(Extracted data entries)
+ + + + + + +

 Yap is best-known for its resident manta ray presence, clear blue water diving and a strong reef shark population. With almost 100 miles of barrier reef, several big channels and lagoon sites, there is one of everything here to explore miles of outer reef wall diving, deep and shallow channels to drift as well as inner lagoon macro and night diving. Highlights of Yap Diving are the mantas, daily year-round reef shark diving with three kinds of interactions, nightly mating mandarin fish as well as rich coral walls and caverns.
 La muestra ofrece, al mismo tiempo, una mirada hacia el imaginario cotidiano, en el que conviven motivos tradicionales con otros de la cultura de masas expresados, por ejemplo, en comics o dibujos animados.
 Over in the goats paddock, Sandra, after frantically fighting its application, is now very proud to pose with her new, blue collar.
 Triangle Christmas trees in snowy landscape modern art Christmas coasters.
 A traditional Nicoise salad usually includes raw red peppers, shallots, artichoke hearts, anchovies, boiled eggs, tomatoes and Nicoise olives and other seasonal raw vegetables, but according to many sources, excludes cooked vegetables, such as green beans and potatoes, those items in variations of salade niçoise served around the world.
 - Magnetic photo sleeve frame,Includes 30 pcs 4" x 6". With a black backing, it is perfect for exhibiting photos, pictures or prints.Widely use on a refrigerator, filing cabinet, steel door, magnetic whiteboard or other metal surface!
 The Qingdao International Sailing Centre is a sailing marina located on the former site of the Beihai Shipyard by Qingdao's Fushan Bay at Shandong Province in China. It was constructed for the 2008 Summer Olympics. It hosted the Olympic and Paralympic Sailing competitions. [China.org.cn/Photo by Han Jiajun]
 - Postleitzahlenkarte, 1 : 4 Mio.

+ + + + + + +

▶ _WHAT THE TASK REQUIRES_: Output every record above exactly as it was given.

▶ _ANSWER BOX_:
 Yap is best-known for its resident manta ray presence, clear blue water diving and a strong reef shark population. With almost 100 miles of barrier reef, several big channels and lagoon sites, there is one of everything here to explore miles of outer reef wall diving, deep and shallow channels to drift as well as inner lagoon macro and night diving. Highlights of Yap Diving are the mantas, daily year-round reef shark diving with three kinds of interactions, nightly mating mandarin fish as well as rich coral walls and caverns.
 La muestra ofrece, al mismo tiempo, una mirada hacia el imaginario cotidiano, en el que conviven motivos tradicionales con otros de la cultura de masas expresados, por ejemplo, en comics o dibujos animados.
 Over in the goats paddock, Sandra, after frantically fighting its application, is now very proud to pose with her new, blue collar.
 Triangle Christmas trees in snowy landscape modern art Christmas coasters.
 A traditional Nicoise salad usually includes raw red peppers, shallots, artichoke hearts, anchovies, boiled eggs, tomatoes and Nicoise olives and other seasonal raw vegetables, but according to many sources, excludes cooked vegetables, such as green beans and potatoes, those items in variations of salade niçoise served around the world.
 - Magnetic photo sleeve frame,Includes 30 pcs 4" x 6". With a black backing, it is perfect for exhibiting photos, pictures or prints.Widely use on a refrigerator, filing cabinet, steel door, magnetic whiteboard or other metal surface!
 The Qingdao International Sailing Centre is a sailing marina located on the former site of the Beihai Shipyard by Qingdao's Fushan Bay at Shandong Province in China. It was constructed for the 2008 Summer Olympics. It hosted the Olympic and Paralympic Sailing competitions. [China.org.cn/Photo by Han Jiajun]
 - Postleitzahlenkarte, 1 : 4 Mio.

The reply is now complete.